Сын Ицик навещает не часто, с женой и внуком.

Расходы теснят Ицика — не вздохнуть, теснят, точнее, доходы, чего жена ему не прощает. Неуступчива в мелочах, скрытна, уклончива, слова поперек не терпит, не согласна даже с теми, которые ей поддакивают. Ицик попросит: «Свари суп фасолевый», скривится с небрежением: «Кто ж его ест?» Вскинется: «Друзей позовем!», губы подожмет сурово: «Нечего баловать». На важные встречи — в банк или к адвокату — берет для солидности мужа и обрывает, когда он встревает в разговор: «Что бы ты понимал…»

— Мать, не обижайся, — шепчет Ицик.

— Я не обидчивая, — отвечает. — Я памятливая.

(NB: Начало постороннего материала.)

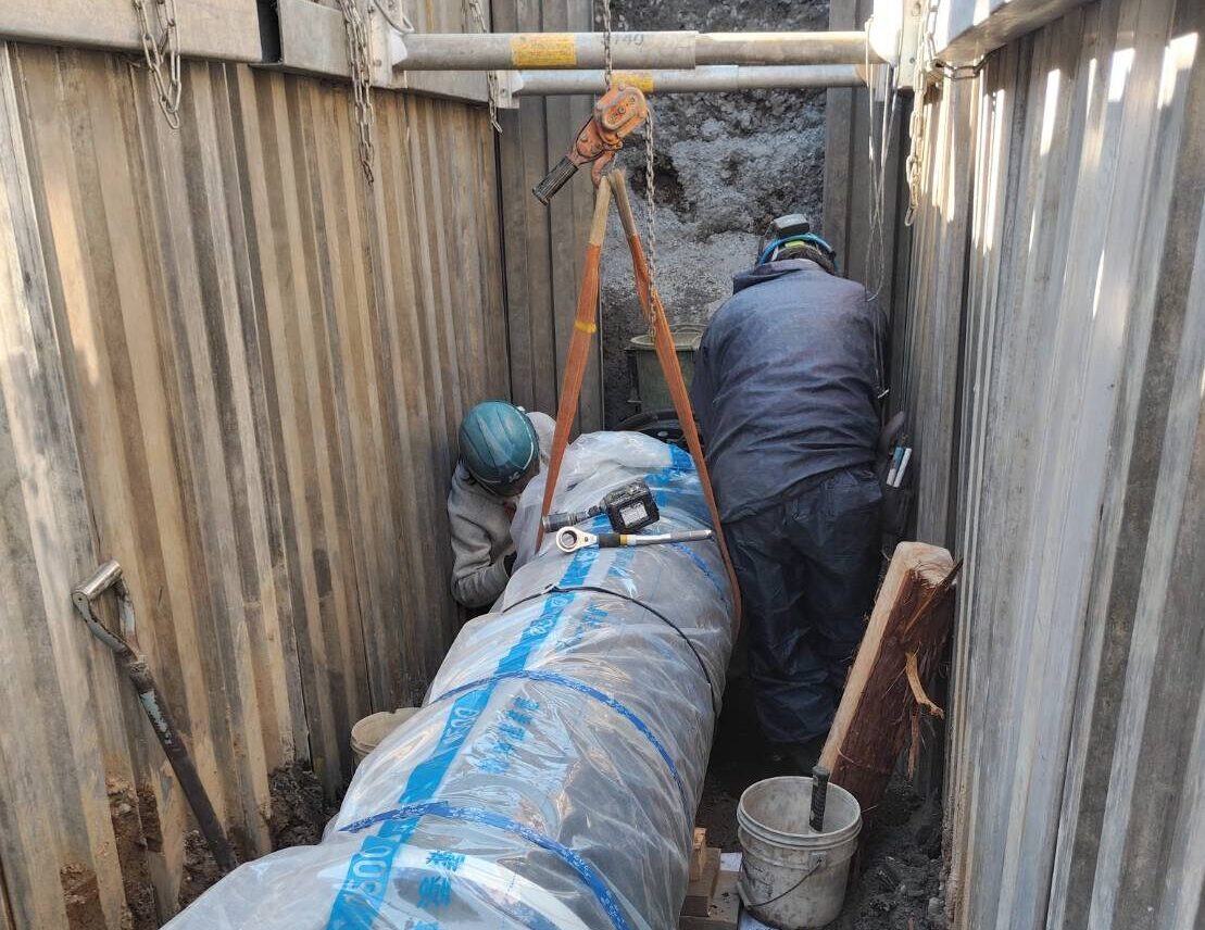 基幹管路布設工事にて800ミリメートル管の布設施工をおこないました。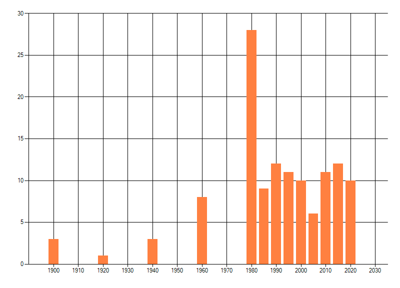 Het aantal atlasblokken (5x5 km) waarin de soort is gemeld binnen een periode van vijf jaar (vanaf 1980) of twintig jaar. Niet gecorrigeerd voor waarnemersinspanning en het aantal doorgegeven waarnemingen kan sterk variëren per periode, dus een trend in verspreiding kan hier niet direct uit worden afgelezen. Het opgegeven jaartal is het eerste jaar van de periode. Bron: gevalideerde waarnemingen uit de NDFF.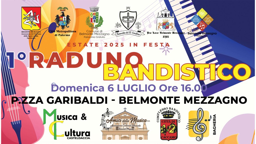 Domenica 6 luglio 2025, le strade di Belmonte Mezzagno si riempiranno di musica, emozione e orgoglio identitario grazie al Raduno Bandistico organizzato con grande cura e passione dalla Pro Loco di Belmonte Mezzagno APS. A partire dalle ore 16.00, un festoso corteo musicale percorrerà le principali vie del paese, coinvolgendo cittadini e visitatori in un pomeriggio ricco di suoni e colori.

Кто же откажется от прошлого?..

Дождь за окном, который не по сезону. Шальное облако провисает над домом, тяжелые капли пощечинами бьют по черепице, размеренно, не спеша, за какую-то провинность.

Птицы разъясняют:

— Тиф-туф, Ривка… Тиф-туф…

— Куми, Ривка… Кум-куми…

Это уже не птицы — крохотная филиппинка, обликом похожая на медлительного глазастого лемура, которая кормит ее, моет, перестилает белье, взбивает подушки к облегчению скорбей. Плохо говорит на здешнем языке, хорошо понимает; голос ее подобен чириканью за окном, не беспокоит — не отвлекает: пора открывать глаза.

Сын сказал:

— Что-то часто ты стала болеть.

Ответила:

— Не говорят правду немилосердно. В моем возрасте от этого дряхлеют. От жалости дряхлеют тоже.

И бурно состарилась.

Жили они в Галилее, неразлучные Ривка-Амнон, как жили, так и ели: в добрые годы сытно, в скудные — впроголодь. Выращивали лимоны, яблоки, авокадо; Амнон ходил возле деревьев, задрав голову, наливался гордостью, высматривая дозревающее богатство: «Шекель… Еще шекель… Еще… Нет, ребята, не прокормиться на асфальте!» По утрам, затемно, она поднималась первой, варила овсяную кашу, густую сытную кашу на молоке перед нескончаемой работой. Говорила Амнону:

— Встанешь с постели, выйдешь на кухню — нет для тебя каши. Значит, я умерла.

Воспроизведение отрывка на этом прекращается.